### [Activity]
Give back each line of the data exactly as it reads, minus the pictures.

### [Dataset section]
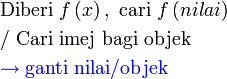 Biasanya untuk label fungsi, kita akan guna huruf
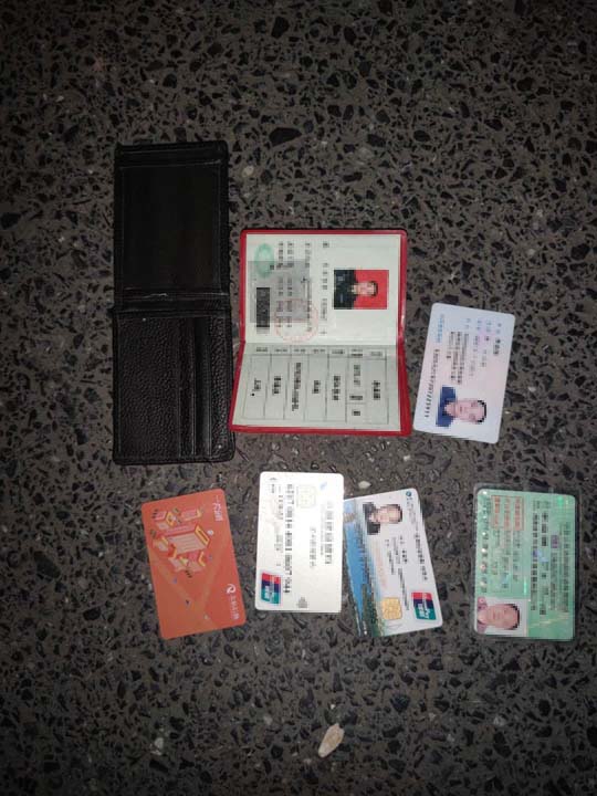 當(dāng)天18:30左右,楊有福巡邏至何母橋村委時(shí),在非機(jī)動(dòng)車道地上撿到一個(gè)錢包。為尋找失主信息,楊有福打開錢包清點(diǎn),內(nèi)有身份證、駕駛證、市民卡、銀行卡和軍官證等物品??紤]到失主丟失證件一定很著急,便在原地等待。
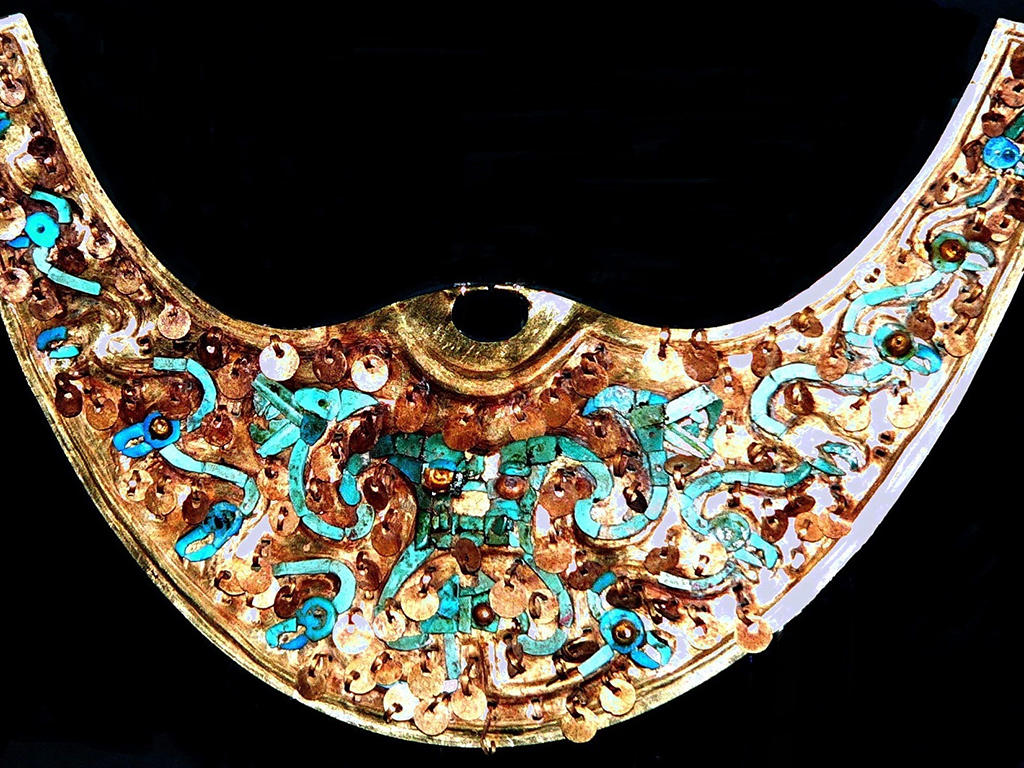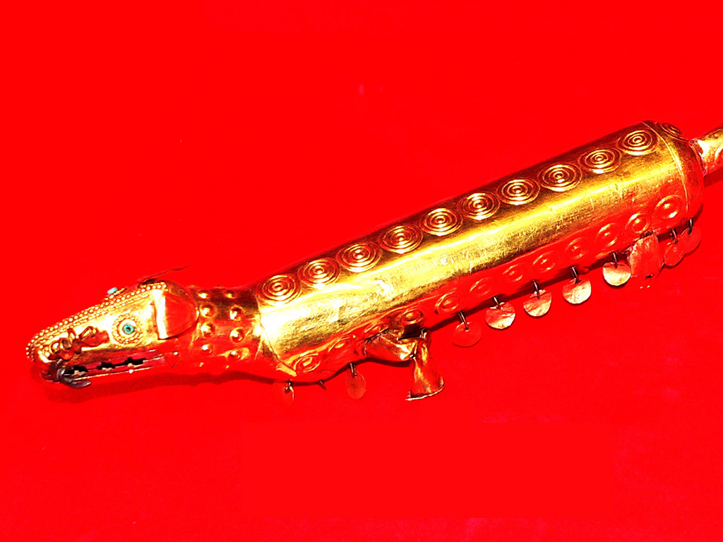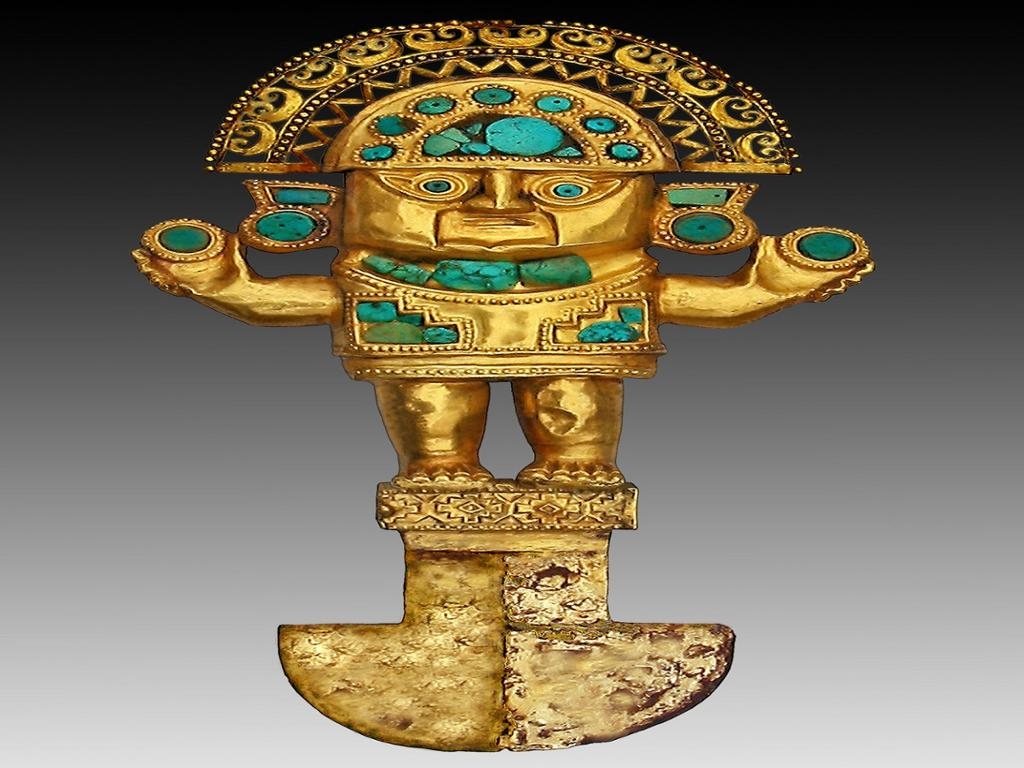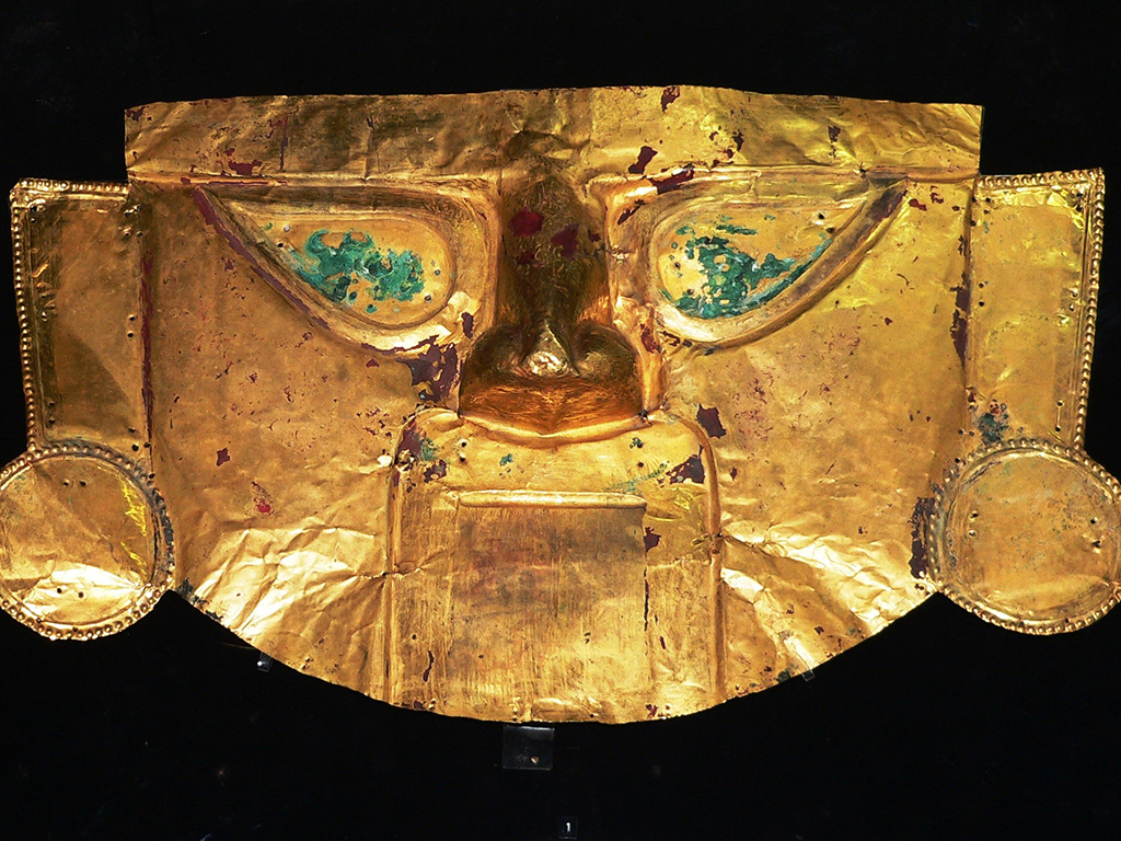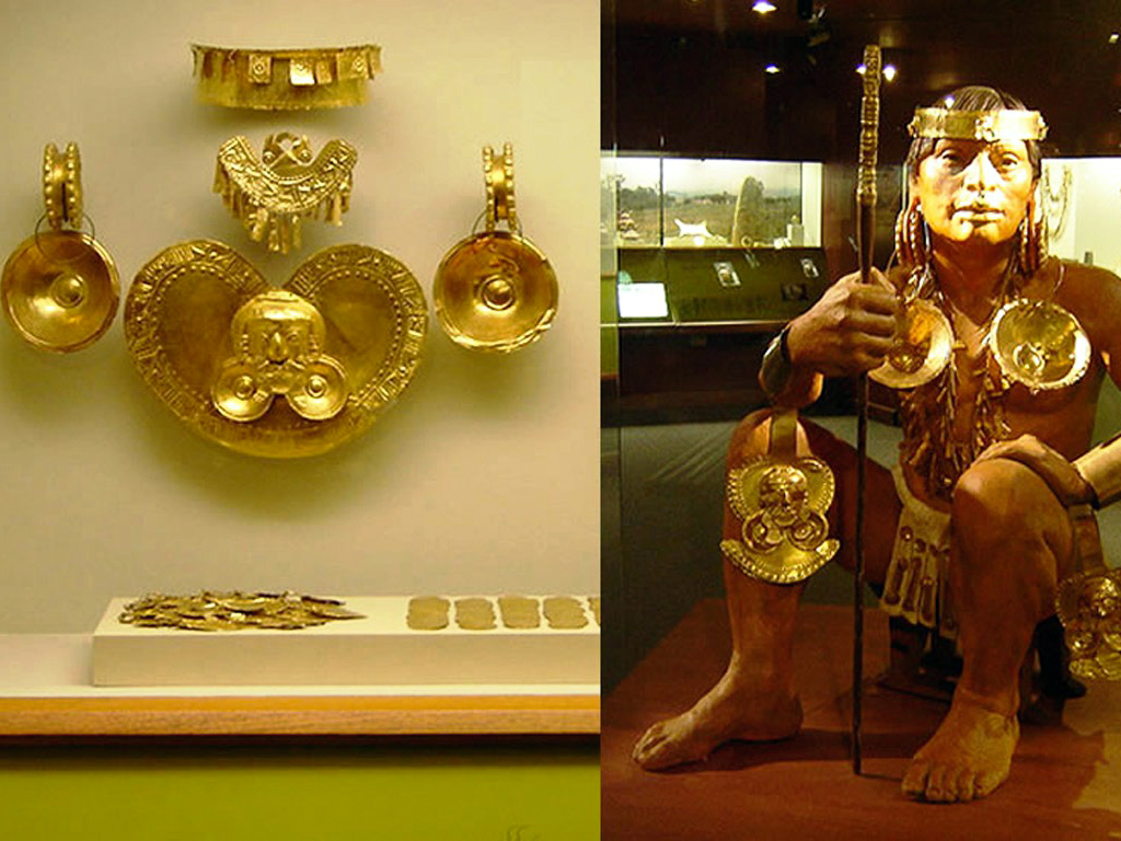 The showcases of the “Gold Museum of Peru” display the craftsmanship of several centuries of Peruvian history, mainly in pre-Inca gold. There are decorative items of all the cultures, such as, embossed and weaved nose ornaments with cut stone pendants; sets of filigree figures depicting birds, men, or monkeys; mantles, bracelets and earflaps of the Vicus culture; lizards, weasels, felines, bags of coca leaves, earrings and belts of the Frias culture; pectorals with zoomorphic designs, flat or embossed crowns of the Chancay culture; funerary masks with twisted rays or serpents from Ica; and masks with open mouths and teeth, wristbands, shin protectors and spatulas of the Nazca culture.

### [Solution below]
 Biasanya untuk label fungsi, kita akan guna huruf
 當(dāng)天18:30左右,楊有福巡邏至何母橋村委時(shí),在非機(jī)動(dòng)車道地上撿到一個(gè)錢包。為尋找失主信息,楊有福打開錢包清點(diǎn),內(nèi)有身份證、駕駛證、市民卡、銀行卡和軍官證等物品??紤]到失主丟失證件一定很著急,便在原地等待。
 The showcases of the “Gold Museum of Peru” display the craftsmanship of several centuries of Peruvian history, mainly in pre-Inca gold. There are decorative items of all the cultures, such as, embossed and weaved nose ornaments with cut stone pendants; sets of filigree figures depicting birds, men, or monkeys; mantles, bracelets and earflaps of the Vicus culture; lizards, weasels, felines, bags of coca leaves, earrings and belts of the Frias culture; pectorals with zoomorphic designs, flat or embossed crowns of the Chancay culture; funerary masks with twisted rays or serpents from Ica; and masks with open mouths and teeth, wristbands, shin protectors and spatulas of the Nazca culture.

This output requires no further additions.